The S-DEV SEO plugin suffers a stored cross‑site scripting flaw that allows an attacker to inject arbitrary JavaScript code into web pages generated by WordPress. This code is stored persistently and executed when any user loads a page that includes the injected content, potentially enabling session hijacking, defacement, or the execution of more advanced client‑side attacks. The weakness is formally identified as CWE‑79 and represents a significant attack surface for sites using the affected plugin.

WordPress sites that have installed the Seodev S-DEV SEO plugin version 1.88 or earlier.

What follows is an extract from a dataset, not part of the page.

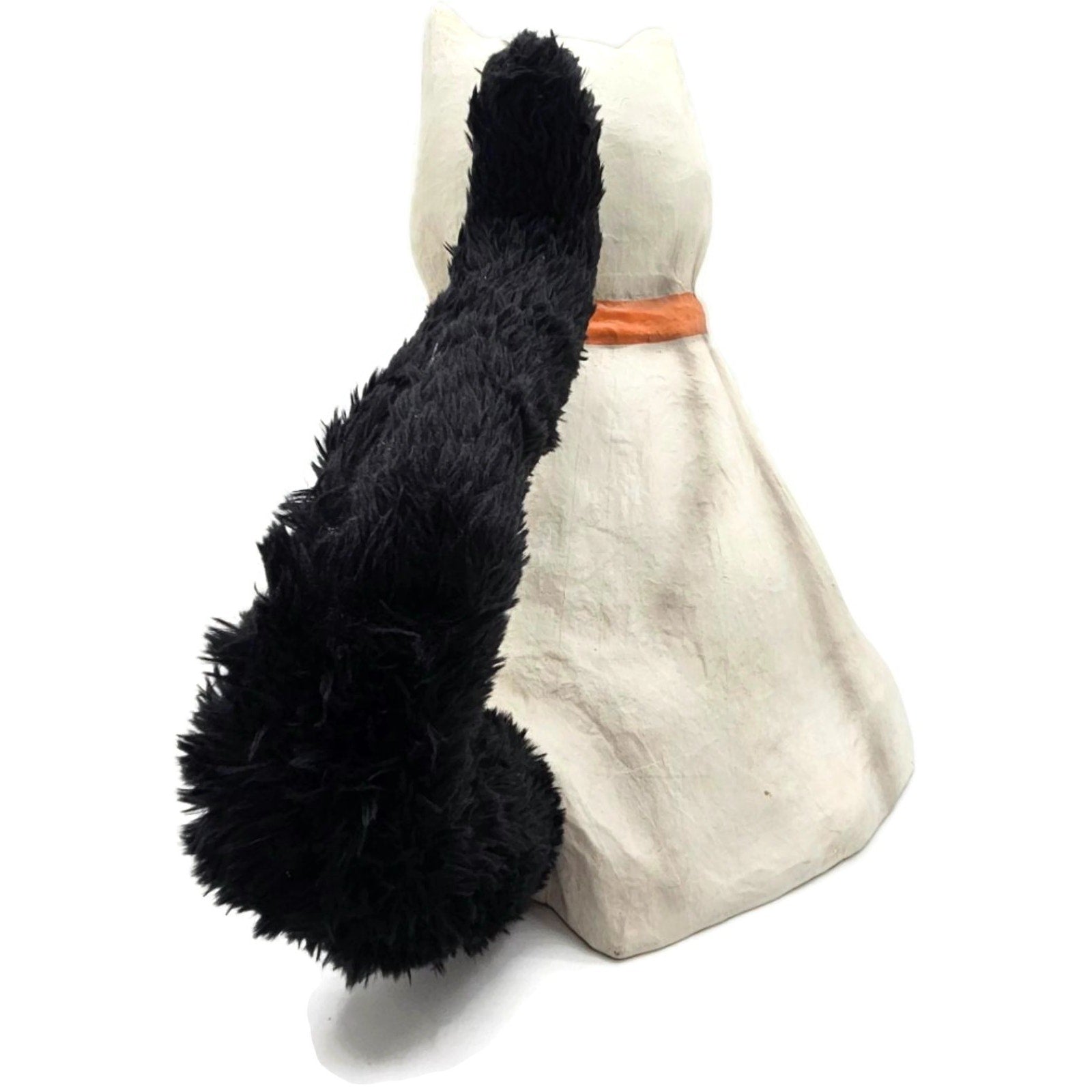 Bethany Lowe “Large Casper Ghost Cat” Halloween décor piece, approximately 17″ tall × 16.5″ wide, in crafted paper mache with hand-painted detail, a plush chenille tail, and the signature orange collar with gold glittered star. This whimsical figure evokes vintage scrapbook / Halloween nostalgia.

The vulnerability is present in all releases from the launch of the plugin through to v1.88, so any site maintaining those versions is susceptible.

The vendor scores the vulnerability with a CVSS of 6.5, indicating moderate severity, and the EPSS is reported as less than 1 percent, reflecting a low but non‑zero likelihood of exploitation. The issue is not listed in CISA’s KEV catalog. Exploitation typically requires that an attacker can submit or influence content that is processed by the plugin’s storage mechanism—most likely by accessing the plugin’s administrative interface or an influencer’s editor—though the precise attack vector is not detailed in the advisory. Once the payload is stored, any visitor to the affected page will execute the injected script, making the exploit highly effective once the initial injection succeeds.